Кинокритик Антон Долин: «Российское кино не должно соперничать с „Аватаром“ и выставлять себя на посмешище»

О личных вкусах кинокритика, кинематографе 2010-х и проблемах кино в России

В рамках книжного фестиваля в центре современной культуры «Смена» состоялись лекции из цикла «Теории современности» — образовательного проекта «Инде» и «Смены». Мы поговорили с одним из спикеров — кинокритиком Антоном Долиным о том, кому нужна кинокритика, каким стало кино в 2010-х и что происходит с российским кинематографом.

Какую функцию выполняет кинокритика сегодня, если зритель ориентируется на рейтинги «Кинопоиска», а жюри фестивалей зачастую принимают решения, диаметрально противоположные мнению критиков?

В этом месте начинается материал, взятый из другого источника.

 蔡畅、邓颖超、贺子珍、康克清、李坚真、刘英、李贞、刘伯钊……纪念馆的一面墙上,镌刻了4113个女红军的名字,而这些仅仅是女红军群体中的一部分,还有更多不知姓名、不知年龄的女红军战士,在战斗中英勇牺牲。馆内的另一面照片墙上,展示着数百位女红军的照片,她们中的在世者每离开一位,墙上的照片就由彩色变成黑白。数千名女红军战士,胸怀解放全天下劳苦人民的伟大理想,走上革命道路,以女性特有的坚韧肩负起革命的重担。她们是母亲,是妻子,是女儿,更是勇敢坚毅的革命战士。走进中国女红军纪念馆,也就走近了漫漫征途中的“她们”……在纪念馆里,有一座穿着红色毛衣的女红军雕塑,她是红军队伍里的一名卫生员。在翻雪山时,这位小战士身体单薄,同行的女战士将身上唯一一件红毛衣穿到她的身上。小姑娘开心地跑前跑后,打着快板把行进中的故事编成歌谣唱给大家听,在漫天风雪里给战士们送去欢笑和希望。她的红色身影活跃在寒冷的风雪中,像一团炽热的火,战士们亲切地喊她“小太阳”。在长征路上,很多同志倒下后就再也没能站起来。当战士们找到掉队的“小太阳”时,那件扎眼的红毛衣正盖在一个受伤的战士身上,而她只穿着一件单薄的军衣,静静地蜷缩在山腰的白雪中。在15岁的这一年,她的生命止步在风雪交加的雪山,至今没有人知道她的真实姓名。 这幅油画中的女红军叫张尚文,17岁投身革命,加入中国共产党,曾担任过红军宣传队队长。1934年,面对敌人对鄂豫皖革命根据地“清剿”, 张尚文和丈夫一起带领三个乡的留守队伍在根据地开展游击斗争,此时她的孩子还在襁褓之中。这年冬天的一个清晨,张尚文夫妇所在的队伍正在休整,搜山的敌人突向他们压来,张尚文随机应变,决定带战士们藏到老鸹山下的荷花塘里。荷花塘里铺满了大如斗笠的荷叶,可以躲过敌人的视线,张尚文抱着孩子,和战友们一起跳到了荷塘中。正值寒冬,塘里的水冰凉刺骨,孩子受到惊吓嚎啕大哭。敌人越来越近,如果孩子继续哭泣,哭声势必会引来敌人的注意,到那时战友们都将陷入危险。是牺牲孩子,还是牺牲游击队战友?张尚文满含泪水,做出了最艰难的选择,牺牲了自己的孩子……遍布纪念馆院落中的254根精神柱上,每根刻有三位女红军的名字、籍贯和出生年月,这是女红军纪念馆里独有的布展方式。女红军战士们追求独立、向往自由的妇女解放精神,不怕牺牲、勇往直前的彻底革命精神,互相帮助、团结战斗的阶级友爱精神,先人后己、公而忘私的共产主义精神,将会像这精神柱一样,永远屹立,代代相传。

Критики и жюри реагируют на разные вещи, поэтому результаты фестивалей редко совпадают с мнением критиков. Жюри набирается из людей, делающих кино, это взгляд людей, находящихся внутри кинопроцесса. Он ограниченный. Чаще всего режиссёры, сценаристы, актёры, заседающие в жюри, не обладают знаниями о трендах, течениях и моде в кино. Они часто зацикливаются на одной стороне фильма — операторской работе или игре актёра — и не задумываются о том, привносит ли этот фильм что-то новое в киноязык. Критики не делают кино, они его смотрят, поэтому наш взгляд — извне. Наш взгляд тоже ограниченный, потому что мы не способны оценить техническое совершенство фильма.

Можно бесконечно спорить о том, кому нужна кинокритика. Думаю, кинокритика — это сервис для думающих людей, который помогает осмыслить просмотренное. Зрители, которые пользуются кино только для развлечения на вечер, к этому сервису не прибегают. Им действительно достаточно рейтингов и яркой рекламы. Кроме того, кинокритика банально помогает ориентироваться. Эту функцию выполняет даже критика низкого уровня. Рейтинг есть и у многомиллионного блокбастера, и у видео, снятого тремя людьми для ещё пяти. Критик помогает выбрать, что из массы существующего кино стоит вашего внимания. В этом смысле мы являемся гидами. Но читатель вполне может не слушать нас. Точно так же с путешествиями: кто-то едет организованно с путеводителем, кто-то справляется один. Моя медиаизвестность помогает только в одном — меня больше читают.

Ваша работа в «Афише» сильнее соответствует функции гида?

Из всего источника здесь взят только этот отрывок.